Analysis and interpretation of data collected as part of the follow-on project is ongoing.
The impact
Focusing on positive mood indicators allows farmers to move away from the outdated “lack of negative” aspects of animal welfare which are standard in many assurance schemes. Assurance and processor welfare schemes could be updated to incorporate sensor data collected on farms as a proxy for positive welfare. This would provide an objective understanding of welfare levels on farm, removing any consumer doubt. Utilizing technologies that are already in use for other aspects of management can reduce labor and time demand on farmers, allowing more time to be allocated to other important tasks. Furthermore increased assessment frequency would be possible to make assurance schemes more reliable.
Information on the behavior and welfare of a farmer’s herd will help them to make better informed management decisions for their cows. Cows with improved welfare tend to have improved health, saving on costs associated with disease and injury, as well as supporting higher milk production, making a farm more financially resilient.

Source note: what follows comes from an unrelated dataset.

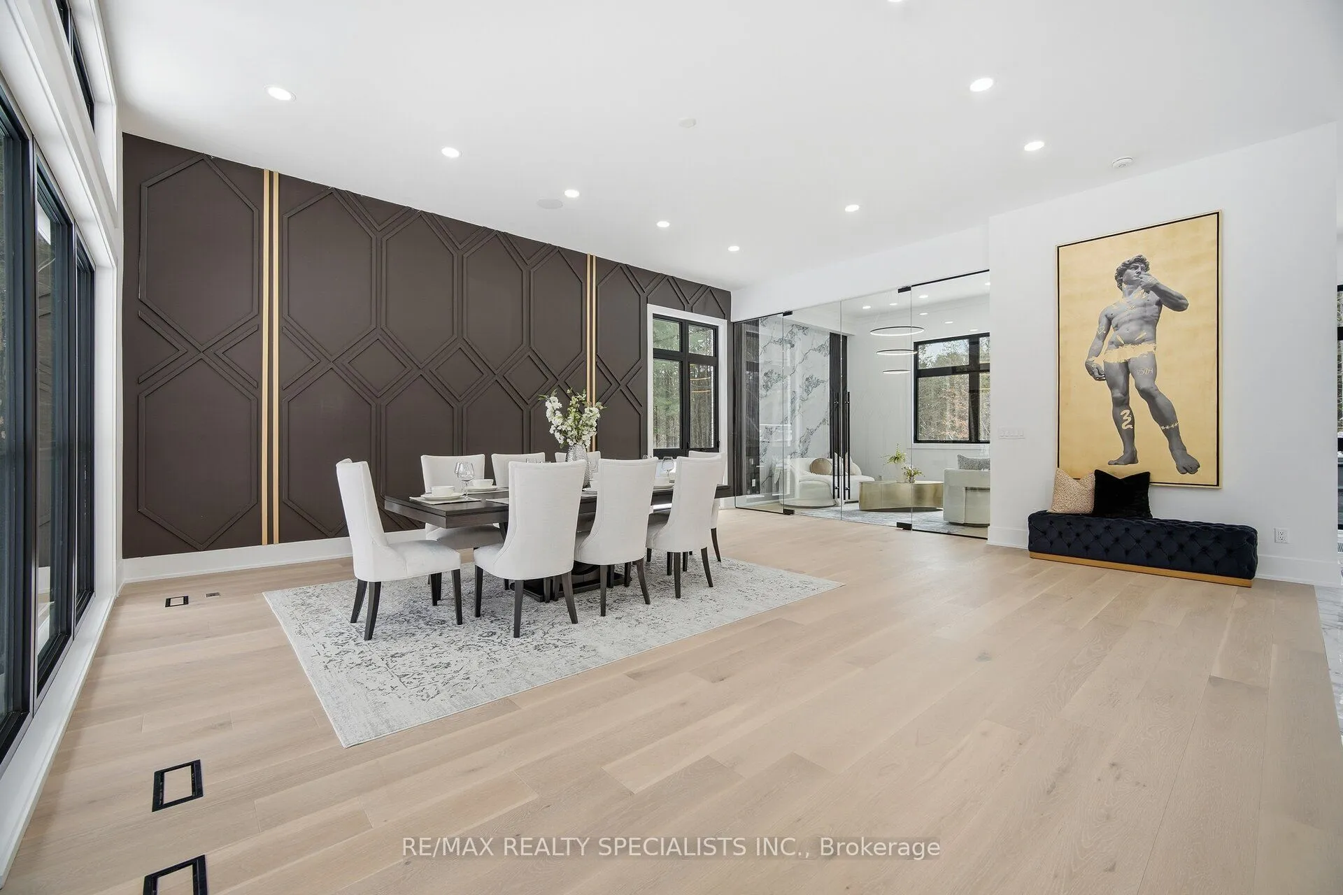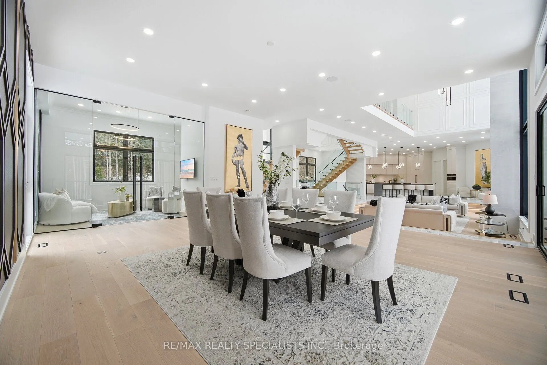 Welcome to this exceptional luxury estate, gracefully set on 9.3 acres of pristine land along the coveted Gore Road. A true architectural masterpiece, this recently built residence offers 6,952 sq. ft. of above-grade living space plus an exquisite newly finished walk out basement, where every detail reflects sophistication, comfort, and timeless elegance. From soaring ceilings and bespoke finishes to the serene private backyard, this is more than a home-it’s a lifestyle. The grand entrance makes a striking first impression with a dramatic double staircase that sets the tone for the refined design throughout. The main level is adorned with 7 3/4″ Snow White Oak hardwood flooring an delegant 7 1/2″ baseboards, creating a seamless and sophisticated aesthetic. Designed with the modern entertainer in mind, the home features two state-of-the-art kitchens equipped with premium appliances, oversized islands with built-in wireless charging stations, and a spacious walk-in pantry-perfectly balancing style and functionality. The show-stopping family room boasts a breathtaking 23-foot open-to-above ceiling, offering an extraordinary space for both grand entertaining and everyday luxury. This remarkable residence offers five generously sized bedrooms, each complete with its own spa-inspired ensuite featuring heated floors and wall-mounted toilets for ultimate comfort. Additional highlights include a private nanny suite above the garage. A rare offering where thoughtful design meets unparalleled luxury. Schedule your private tour today and experience this extraordinary estate for yourself.

An indirect added benefit of this improved welfare, health, and production is reduced inputs into the farm system, overall lowering costs and carbon emissions per unit of milk produced.
There were limitations to this research, especially as there was only one commercial company who could provide sufficient data for analysis. Engaging with industry on these findings may help to encourage technology companies to collaborate with researchers to help add value to the PLF tools they provide. Demonstration of additional benefits of PLF tools, such as increased welfare monitoring or reduction of carbon footprint from improved fertility, health, and management could further increase uptake of these technologies particularly if an improved return on investment is demonstrated.
The future
Giving farmers a tool to better manage their business, processors the ability to positively promote UK dairy, and providing confidence to the consumer all help to improve resilience in the UK dairy industry.
It gives PFL technology providers the opportunity to extend the usefulness of their products/services, increasing competitiveness and potential uptake.